Lunga intervista del vicepresidente Michele Uva alla Gazzetta dello Sport in edicola questa mattina, per parlare delle prospettive di ripartenza del calcio europeo dopo lo stop per l’emergenza coronavirus: “Premessa fondamentale, che vale per tutte le risposte che seguiranno: ogni decisione che verrà presa avrà come principio base e inderogabile la salute pubblica. È la nostra stella polare. I nostri ruoli ci impongono di presentare scenari e piani di ripresa e ripartenza, ma il pensiero comune va a chi soffre, ai medici, a chi sta combattendo contro il coronavirus”

Il primo grosso traguardo è l’unità di intenti: “L’Uefa è formata da 55 federazioni e deve tener conto di tutte le disomogeneità da un punto di vista sportivo e sanitario rispetto all’impatto del coronavirus. Per capirsi, la situazione in Italia o in Spagna è diversa da quella in Svezia o in Norvegia. Gli approcci davanti al problema sono differenti. Per questo siamo particolarmente soddisfatti di essere riusciti a trovare un percorso condiviso con 55 Federazioni, con l'Eca che rappresenta 280 club che partecipano alle Coppe, le European Leagues e i giocatori. Essere riusciti a mettere d'accordo tutte le componenti e avere l’unanimità sulle decisioni prese è un enorme risultato politico. L’Uefa ha fatto ciò che non è riuscito all’Unione Europea con gli stati membri”.
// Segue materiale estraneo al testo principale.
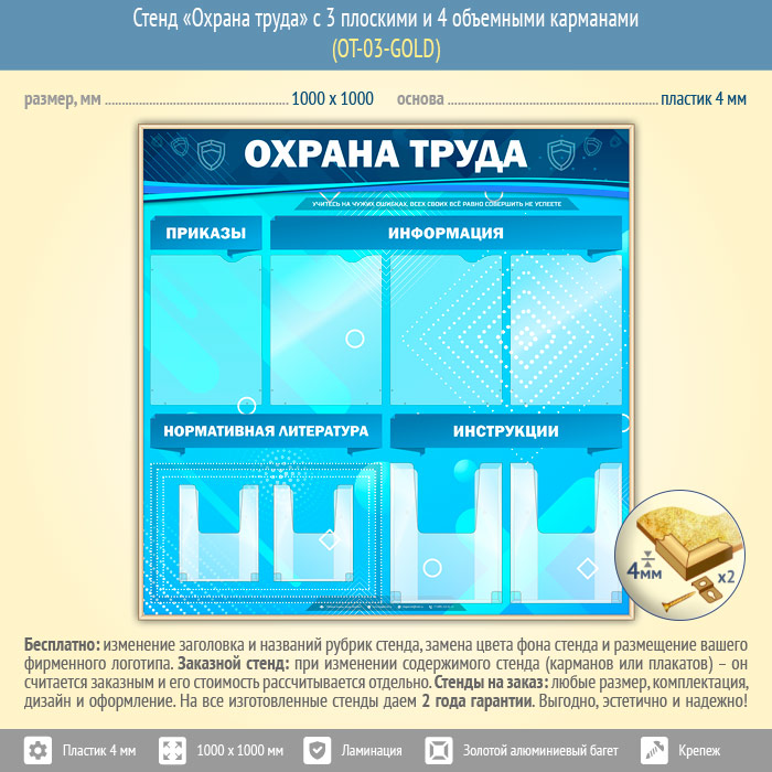 Стенд «Охрана труда» с 4 плоскими и 4 объемными карманами (OT-03-GOLD) в Ульяновске купить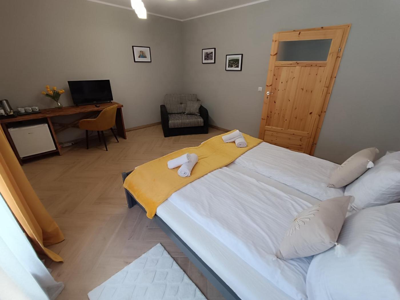 Pokój trzyosobowy. The triple room offers a private entrance, a tea and coffee maker, as well as a private bathroom featuring a shower and a hairdryer. The triple room provides a flat-screen TV, a wardrobe, a sofa, a tiled floor as well as mountain views. The unit offers 2 beds. Pokój Trzyosobowy - 3 osobowy. Powierzchnia pokoju ok.: 18 mkw. ;

Uva: "linea guida mettere le coppe nel mezzo dei campionati"

La linea guida dell’Uefa: “C’è un tavolo permanente per aiutare federazioni, leghe e club a riprendere e terminare i campionati inserendo nel mezzo i turni delle coppe europee. Prima campionati e coppe in estate? Al momento non è la nostra prima opzione”.

Tra i passaggi più interessanti dell’intervista, anche un riferimento alla spaccatura nella La Lega di Serie A tra chi vorrebbe riprendere e chi no: “Come Uefa abbiamo ricevuto la posizione delle European Leagues, l'associazione che raggruppa le leghe, ed è unanime. Non abbiamo rapporti con singole leghe e non conosciamo i loro posizionamenti interni. Il 30 giugno è la data che segna la fine della stagione sportiva, della chiusura dei bilanci e dei vincoli contrattuali dei giocatori. Per prolungare il termine di chiusura dei bilanci servirà un decreto legge per superare il vincolo civilistico. Per i contratti dei giocatori invece serve una disposizione della Fifa, ma c'è disponibilità a farla. Il timore di compromettere la prossima stagione? Ci sono ragioni valide sia da parte di chi vuole riprendere, sia da parte di chi ritiene sia meglio fermarsi. Spetta alle singole federazioni decidere la cosa migliore per il proprio sistema nazionale. Che però deve incastrarsi anche in quello europeo…”.

In caso di finali di coppe europee ad agosto: “Possono esserci slittamenti in avanti. Si rivedranno i calendari. Ci sarà uno slot per le nazionali a settembre, ottobre e novembre e l'eventuale partenza dei gironi delle coppe ad ottobre”.

Sulle licenze Uefa e sul Fair Play Finanziario: “Ci sarà una data ultima e compatibile per tutte le Federazioni per presentare l’elenco dei partecipanti alle coppe europee. Il FFP ha portato il sistema da una perdita di 1,7 miliardi a un utile di 141 milioni in soli 8 anni. Non poteva essere cancellato, ma bisognava tener conto delle problematiche create dal coronavirus e quindi adeguare transitoriamente le norme, non richiedendo il budget 2020-21 fra i documenti necessari. Il pareggio di bilancio e il pagamento dei debiti scaduti restano invece in vigore".

"Porte chiuse? Dipende dai governi nazionali"

Per quanto tempo sarà necessario giocare a porte chiuse? “Porte aperte e porte chiuse sono scelte dei governi nazionali. Proprio come accadde per Atalanta-Valencia e Liverpool-Atletico Madrid, partite che hanno creato polemiche. La speranza di tutti è tornare per gradi alla normalità. Nei momenti difficili come questo bisogna trovare unità e fiducia, mostrando responsabilità e credibilità. Questi sono i pilastri sui quali stiamo costruendo il futuro del calcio”.